6. The [two-space] proposal exhibits much more complex behaviour.
   (at=*foo* *bar*) will match as above, but (at=*foo* * *bar*)
   matches exactly the same set of attribute values; *foo* * * *bar*
   is necessary to require an intervening word. However, if "foo"
   is changed to "foo " or "bar" is changed to " bar", this changes:
   now, two " " strings are sufficient to require an intervening word.
   If both attribute values are changed, then one " " string is
   sufficient to require an intervening word, and three are sufficient
   to require two intervening words. I argue that this behaviour is
   more complex and less intuitive than either the status quo or
   my proposal.

[Note 1]: I did not repeat my observations about spaces immediately
followed by Unicode combining characters, but it does seem clear
that these need to be handled differently, as is made clear in
strprep. As I said earlier, the simplest solution is probably to
change such characters to U+00A0 following the prohibition step
and prior to the insignificant space removal step.

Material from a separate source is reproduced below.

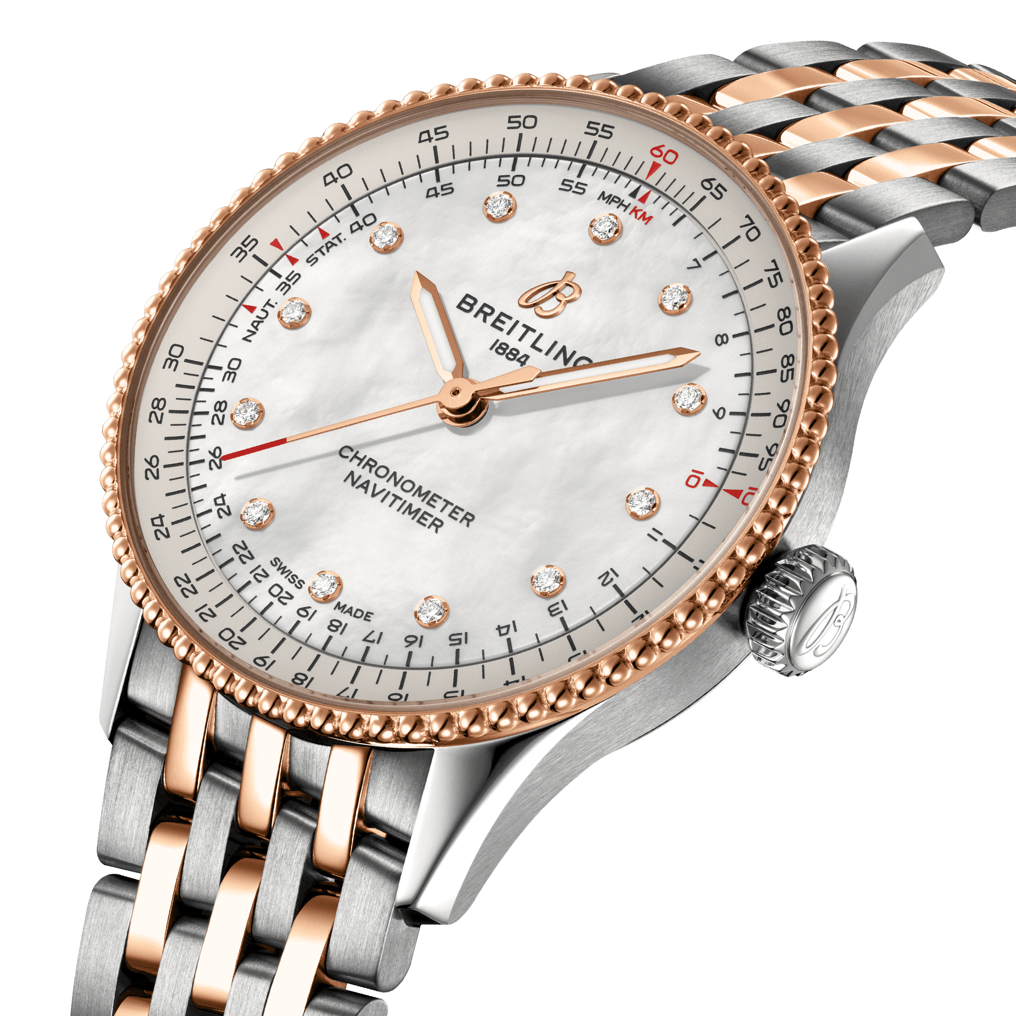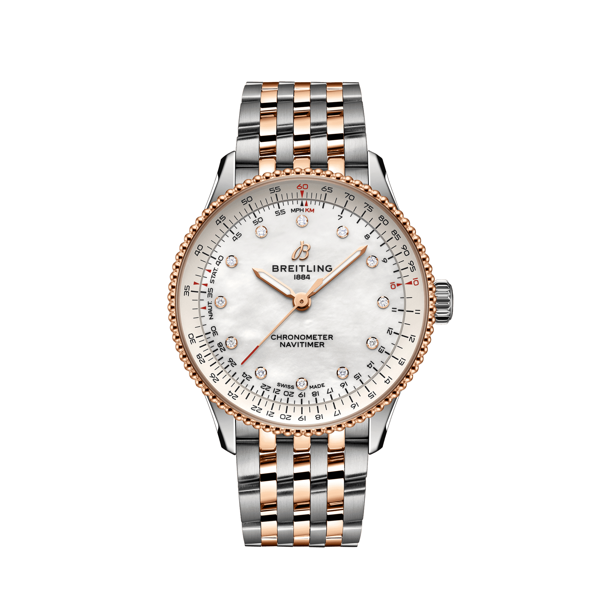 Breitling Navitimer Automatic 36 U17327211A1U1 Breitlings icoon – voor onderweg. De Navitimer is een van de meest herkenbare horloges ooit gemaakt. Het staat op de lijsten van verzamelaars van de beste horloges aller tijden. Wat in 1952 begon als een hulpmiddel voor piloten, is iets diepgaands gaan betekenen voor iedereen die dit uurwerk op zijn of haar persoonlijke reis heeft gehad. Ons icoon is nu verkrijgbaar in de maten 36 en 32 mm voor dames en heren die houden van de look en feel van een horloge met een kleinere diameter. Terwijl de 36 mm Navitimer is voorzien van de kralenrand en de iconische ronde rekenliniaal die de Navitimer zijn onmiskenbare uiterlijk geven, maakt de oogverblindende 32 mm variant gebruik van de rekenliniaal ten gunste van een vereenvoudigd wijzerplaatontwerp dat past bij zijn slanke diameter. Maar deze showstoppers hebben zoveel meer te bieden dan alleen hun nieuwe maten. Een vleugje pastel, parelmoer en traceerbare kostbare materialen worden gecombineerd met subtiele verfijningen om de uurwerken een juweelachtige aantrekkingskracht te geven, waardoor een veelzijdige elegantie wordt toegevoegd aan het legendarische navigatiehorloge dat klaar is voor waar de reis je ook heen brengt.

[Note 2]: It is not clear to me how you would specify an empty
string as an <initial> or <final> string in a substring match. Or,
alternatively, how you would specify the absence of an <initial>
or <final> string. (In the filter syntax, I mean -- it is clear
how to do it in the protocol.)

[Note 3]: I use the word "word" here to mean any sequence of
characters not including a space (other than a space which starts
a combining sequence, as above). There are other, possibly more
useful and certainly less simple, definitions of what a word is,
but in many cases this definition will prove adequate.